Full transcript text (raw_text)
Per-sentence speaker labels (speaker_name)
Sentence-level timestamps (start_time, end_time)
Meeting title and organizer
Meeting date, time, and duration
Participant list and emails
Audio download URL
Video download URL (Business+ plans)
AI-generated summary and action items
Meeting source (Zoom, Meet, Teams, etc.)

API Access

How to Get Transcripts via the Fireflies GraphQL API

Fireflies exposes meeting data through a GraphQL API at api.fireflies.ai/graphql. The workflow is: authenticate with an API key, query transcripts with filters, then extract the fields you need from the response.

1

Authenticate

Fireflies uses API key authentication. Generate your API key from app.fireflies.ai/integrations/custom/fireflies. Pass it as a Bearer token in the Authorization header on every request.

Authorization: Bearer <your_fireflies_api_key>
Content-Type: application/json
Your API key is tied to your user account and inherits your permissions. On Free/Pro plans you get 50 API requests per day. Business+ plans have higher or unlimited limits.
2

List transcripts

Use the transcripts query to list meetings. You can filter by date, organizer email, or other fields. Results are returned as a paginated array.

POST https://api.fireflies.ai/graphql

{
  "query": "query {
    transcripts {
      id
      title
      date
      duration
      organizer_email
      participants
    }
  }"
}

The response returns an array of transcript objects with id, title, date, duration, and participant information. Use the IDs to fetch detailed transcript content in the next step.

3

Fetch the full transcript

For each transcript ID, query the transcript field with the specific fields you need. The sentences array gives you per-sentence granularity with speaker labels.

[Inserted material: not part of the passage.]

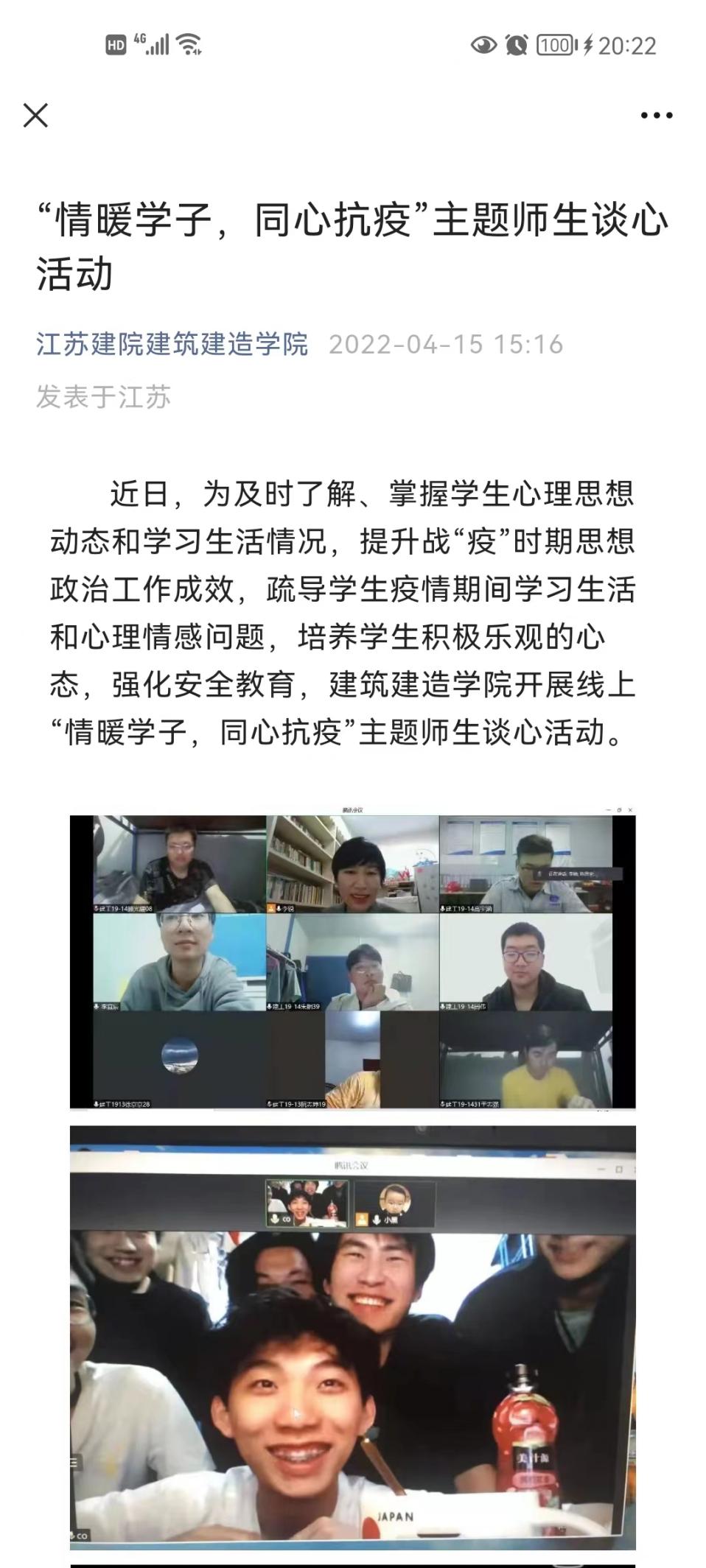 贴心呵护,心理陪伴。根据封校初期学生不适应、吐槽多等阶段性特征,她组织“共抗疫情,你我同行”线上主题班会大课,向同学们介绍徐州市疫情防控局面、uwin电竞疫情防控工作情况、疫情防控期间校园管理规定、学生在校(居家/集中隔离)学习生活健康指南,从疫情期间心理健康关怀、校园生活温馨提醒、防范电信网络诈骗等方面给同学们做细致讲解,增强同学们的疫情防护意识,坚定大家战胜疫情的信心和决心。

POST https://api.fireflies.ai/graphql

{
  "query": "query Transcript($id: String!) {
    transcript(id: $id) {
      id
      title
      date
      duration
      organizer_email
      participants
      audio_url
      video_url
      sentences {
        speaker_name
        text
        start_time
        end_time
      }
    }
  }",
  "variables": {
    "id": "abc123def456"
  }
}

Each object in the sentences array includes speaker_name, text, start_time, and end_time. Concatenate sentence text for a plain transcript, or preserve the structured format for per-speaker analysis.

4

Handle rate limits and media URLs

Rate limits

Fireflies enforces daily request limits that vary by plan. Free and Pro plans allow50 requests/day. Business+ plans offer higher or unlimited limits. Each GraphQL query counts as one request regardless of how many fields you request. Plan your extraction to stay within limits, especially during backfills.

Media URL expiration

The audio_url and video_url fields return time-limited download links that expire after approximately 24 hours. If your workflow needs the audio or video files, download them immediately upon retrieval - don't store the URL for later use.

Patterns

Key Extraction Flows

There are two practical patterns for getting transcripts out of Fireflies.ai. The right choice depends on whether you're doing a one-off migration and ongoing batch polling, or need near real-time processing via webhooks.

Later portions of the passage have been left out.